DATA EXTRACT.
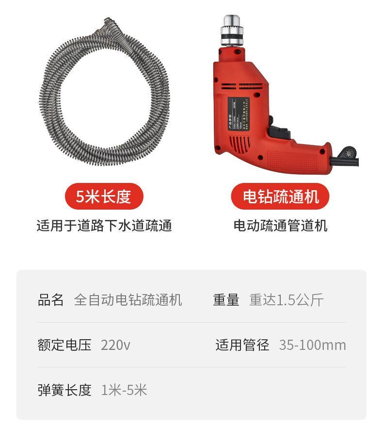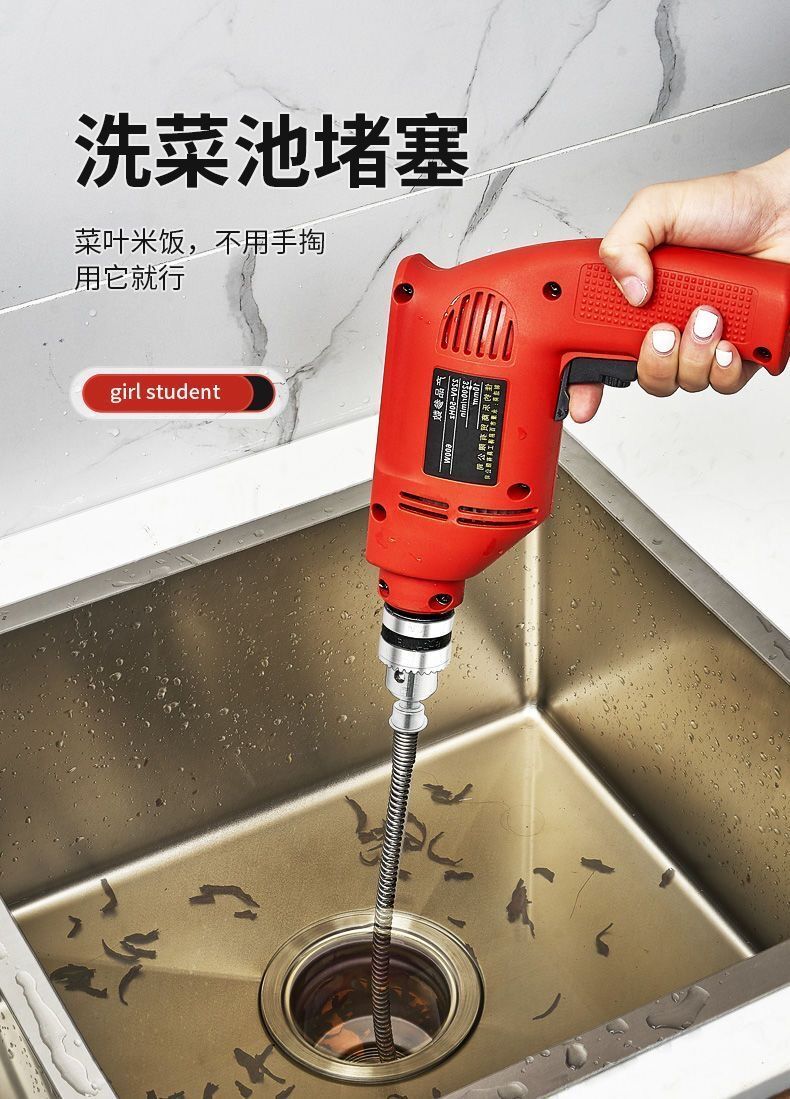 厨房下水道疏通神器专用工具电动管道一炮通厕所马桶疏通弹簧
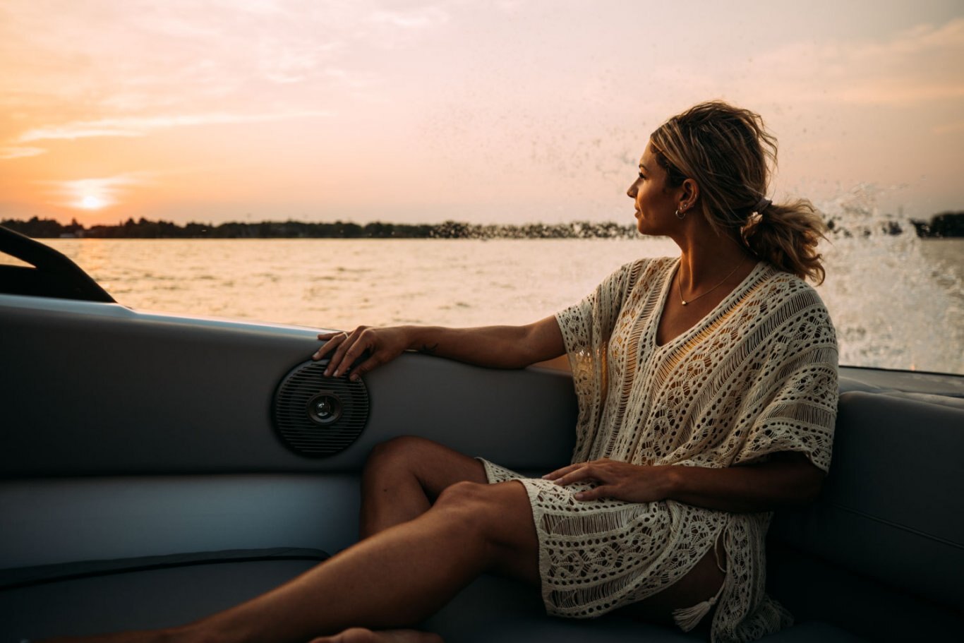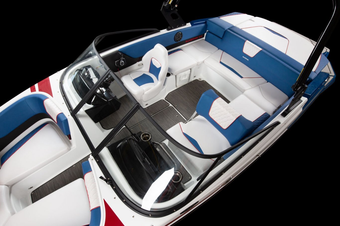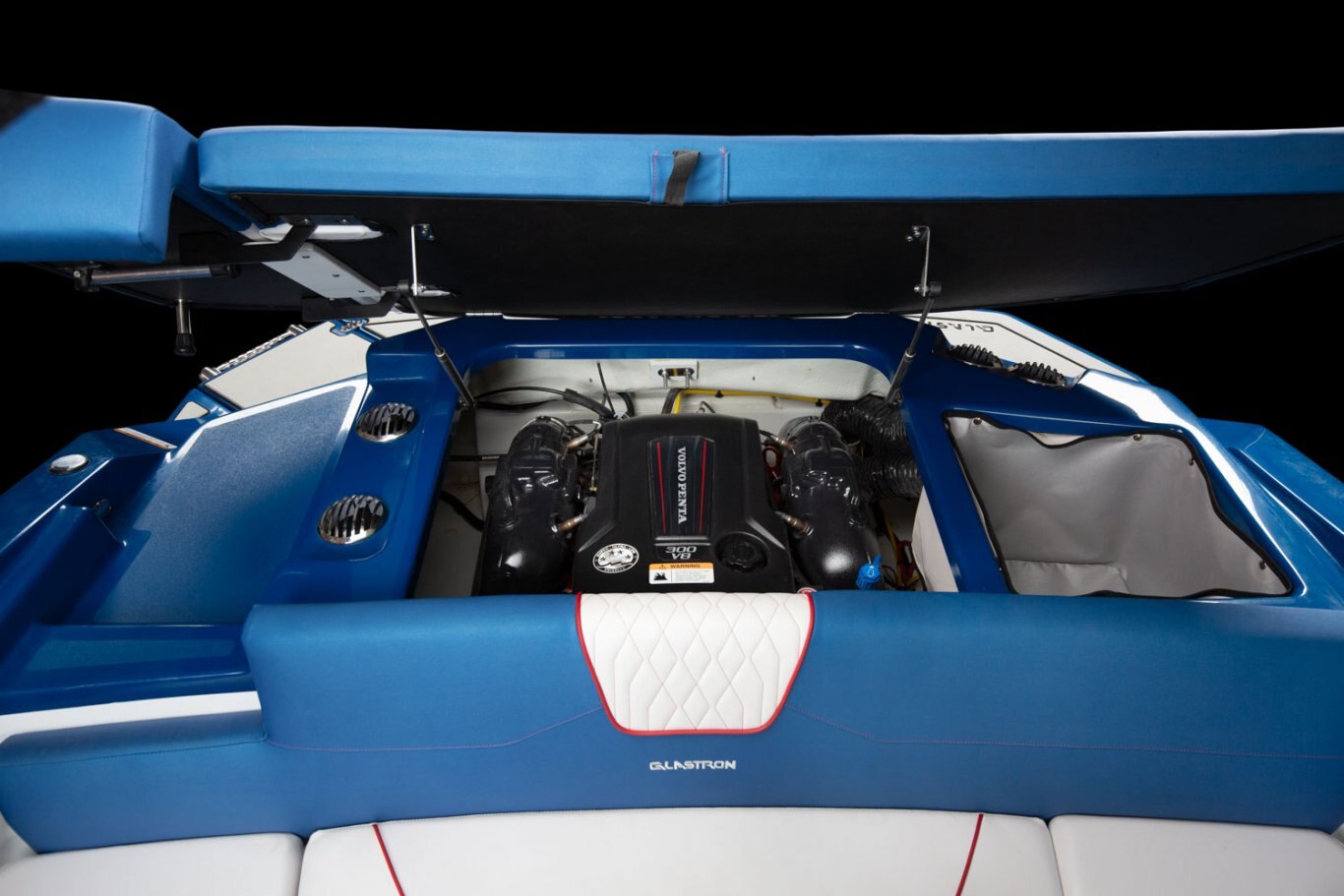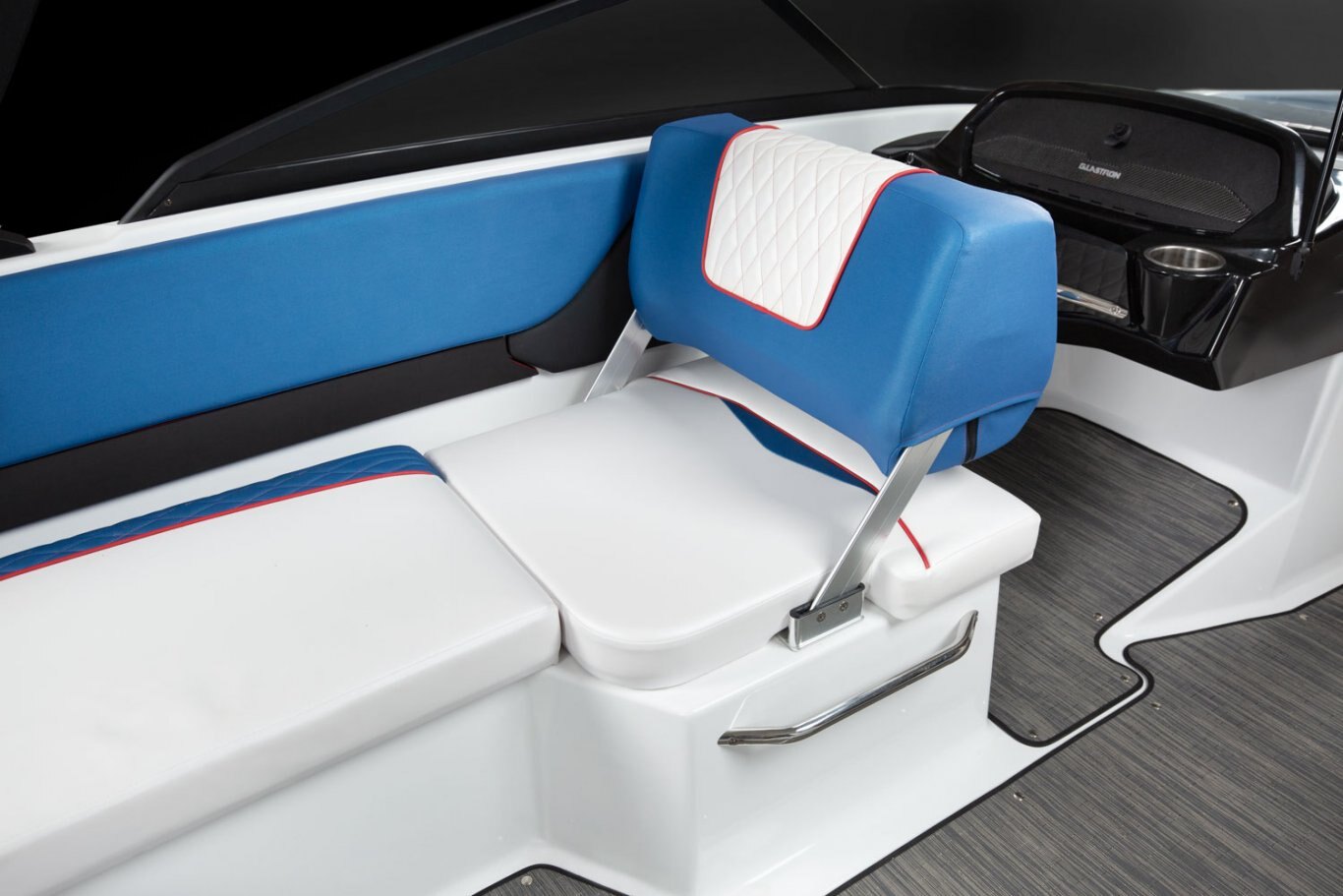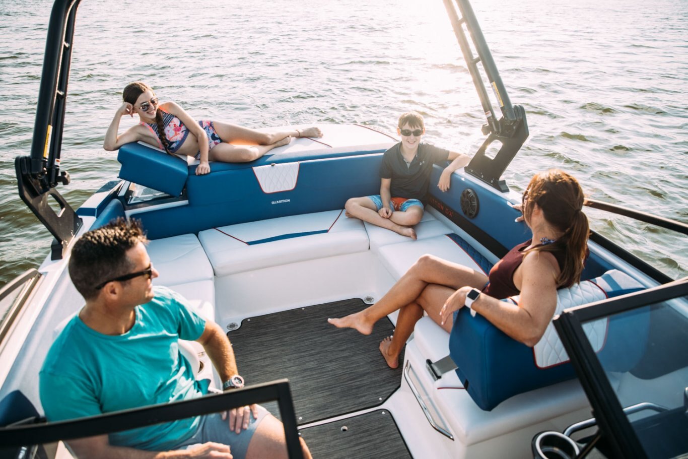 Bold GX Sport graphics and colors make this boat stand out. Adjustable port-side seat, large sun pad, and a bucket helm seat with bolster allow you to settle in. Add the premium sound package with RGB lighting to enjoy your tunes and light up the night.
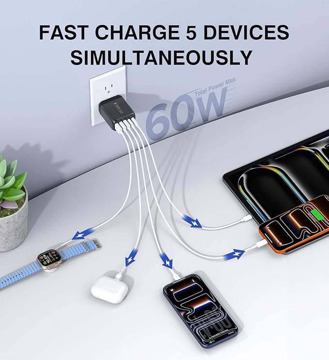 - Compact and Portable USB and USB C Charging Block: The 5-port charging cube boasts an incredibly compact size that enhances portability. All of this power is housed in a pocket-friendly compact body wherever the journey takes you. Perfect for home, office and on the go. We offer this 60W 5-port usb c wall charger (cable not included). If you have any problems with the wall charger fast charging, please contact us
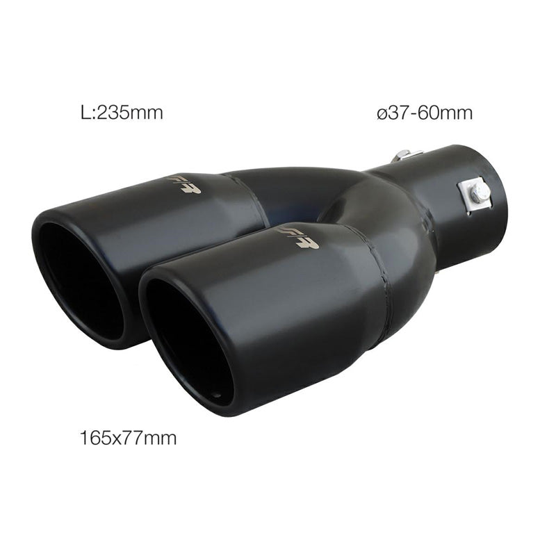 Simoni Racing, Auspuffblende Doppel Rund/Schräg Edelstahl Schwarz - Ø76xL230mm - Anschluß ->58mm
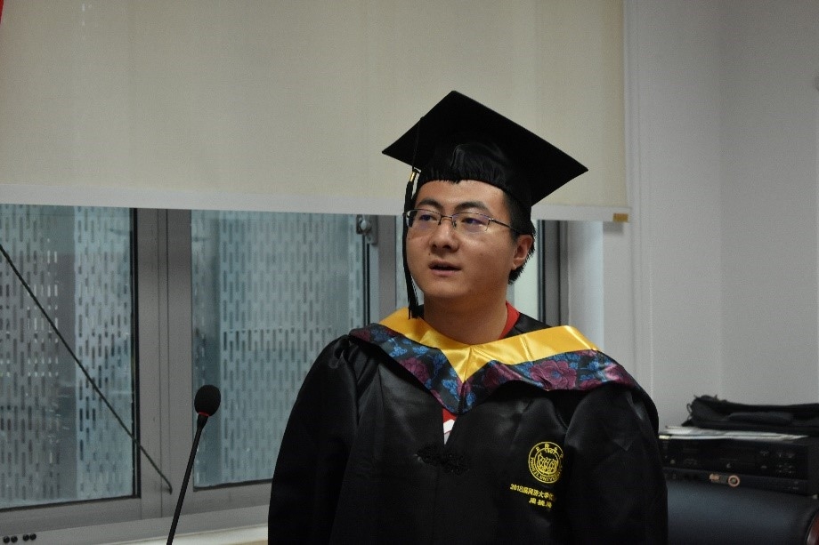 教师代表郝彤代表学院的全体老师向圆满完成学业的毕业生们表示衷心地祝贺,他希望同学们始终拥有一颗童心和好奇心,在成功和困难面前都能够保持孩童般的笑脸,要让这份童心和好奇心在时间和空间尺度上不断延展;始终保持勇气和恒心,困难和挫折会使大家更加强大,也将因此懂得感恩生命中出现的困难,感恩一路同行伸出援手的人们,更感恩那个没有轻言放弃的自己;在辉煌的时候不自我膨胀,在低谷的时候不自怨自艾,不断地超越自己。最后,郝彤老师希望同学们在新时代里更好地找到自己的定位,把握自己在国家富强、民族复兴的历史进程中的责任和使命,并祝福大家在“一生太短、一瞬好长”的芳华岁月中,前程似锦,一帆风顺!
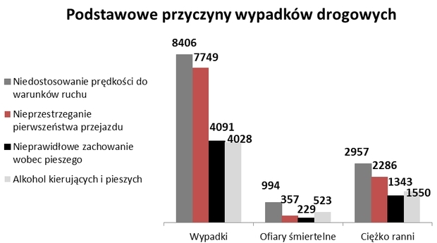 Prędkość, nieprzestrzeganie pierwszeństwa przejazdu, nieprawidłowe zachowanie wobec pieszego, a także alkohol – to według danych Komendy Głównej Policji główne przyczyny wypadków w ruchu drogowym.
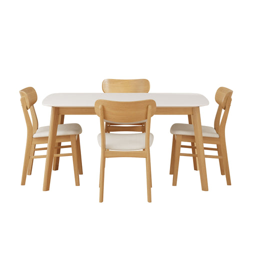 5-Piece Dining Set: Includes one solid wood frame table and four upholstered chairs for comfortable, spacious dining Mid-Century Modern Design: Cl...
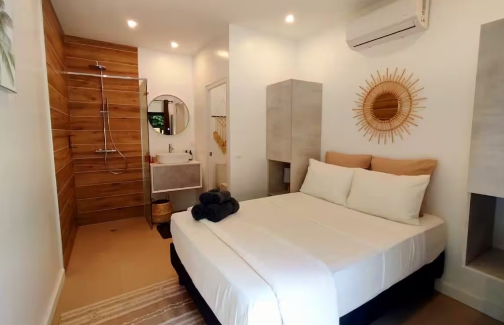 La cuisine américaine, aménagée et équipée, est le coeur battant de cette maison. Elle invite à la convivialité et aux moments partagés en famille ou entre amis. Imaginez-vous préparer des repas délicieux tout en profitant de la vue sur la mer ou en discutant avec vos amis.
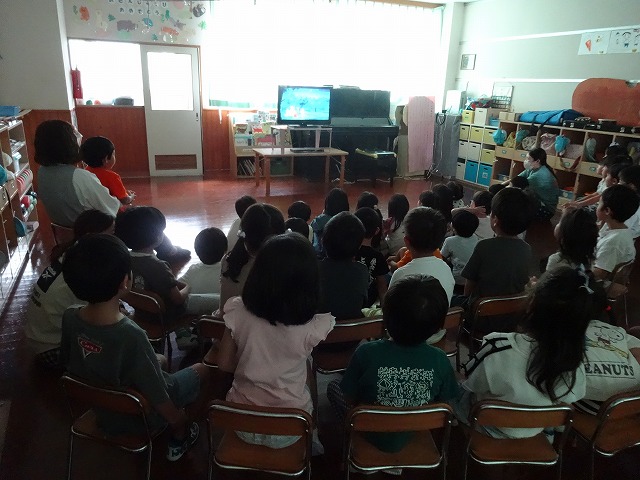ゆり組(4歳児)、ひまわり組(5歳児)さんは火遊びから火事になった火を消してくれる犬の消防隊のDVDを見ましたよ😊みんな夢中です
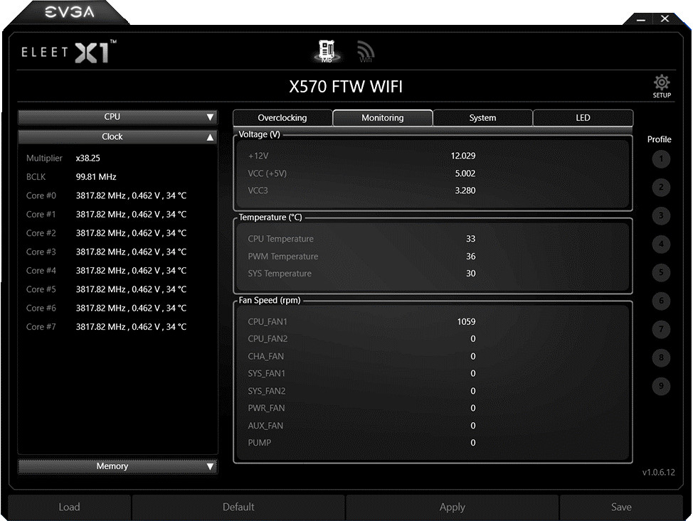 ELEET X1 también te permitirá monitorear frecuencias, voltajes, velocidades de fans, y todos los aspectos vitales de tu sistema, para garantizar que tu sistema trabaje de manera óptima y estés sacando lo máximo de el sin sobrepasarte en temperaturas ni voltajes y así puedas disfrutarlo durante el máximo tiempo posible.

REQUIRED WORK.
Repeat, without pictures, exactly the lines of the data above from the one containing "Simoni Racing, Auspuffblende" through the one containing "ゆり組(4歳児)、ひまわり組", including both and adding nothing.

SOLUTION BELOW.
 Simoni Racing, Auspuffblende Doppel Rund/Schräg Edelstahl Schwarz - Ø76xL230mm - Anschluß ->58mm
 教师代表郝彤代表学院的全体老师向圆满完成学业的毕业生们表示衷心地祝贺,他希望同学们始终拥有一颗童心和好奇心,在成功和困难面前都能够保持孩童般的笑脸,要让这份童心和好奇心在时间和空间尺度上不断延展;始终保持勇气和恒心,困难和挫折会使大家更加强大,也将因此懂得感恩生命中出现的困难,感恩一路同行伸出援手的人们,更感恩那个没有轻言放弃的自己;在辉煌的时候不自我膨胀,在低谷的时候不自怨自艾,不断地超越自己。最后,郝彤老师希望同学们在新时代里更好地找到自己的定位,把握自己在国家富强、民族复兴的历史进程中的责任和使命,并祝福大家在“一生太短、一瞬好长”的芳华岁月中,前程似锦,一帆风顺!
 Prędkość, nieprzestrzeganie pierwszeństwa przejazdu, nieprawidłowe zachowanie wobec pieszego, a także alkohol – to według danych Komendy Głównej Policji główne przyczyny wypadków w ruchu drogowym.
 5-Piece Dining Set: Includes one solid wood frame table and four upholstered chairs for comfortable, spacious dining Mid-Century Modern Design: Cl...
 La cuisine américaine, aménagée et équipée, est le coeur battant de cette maison. Elle invite à la convivialité et aux moments partagés en famille ou entre amis. Imaginez-vous préparer des repas délicieux tout en profitant de la vue sur la mer ou en discutant avec vos amis.
ゆり組(4歳児)、ひまわり組(5歳児)さんは火遊びから火事になった火を消してくれる犬の消防隊のDVDを見ましたよ😊みんな夢中です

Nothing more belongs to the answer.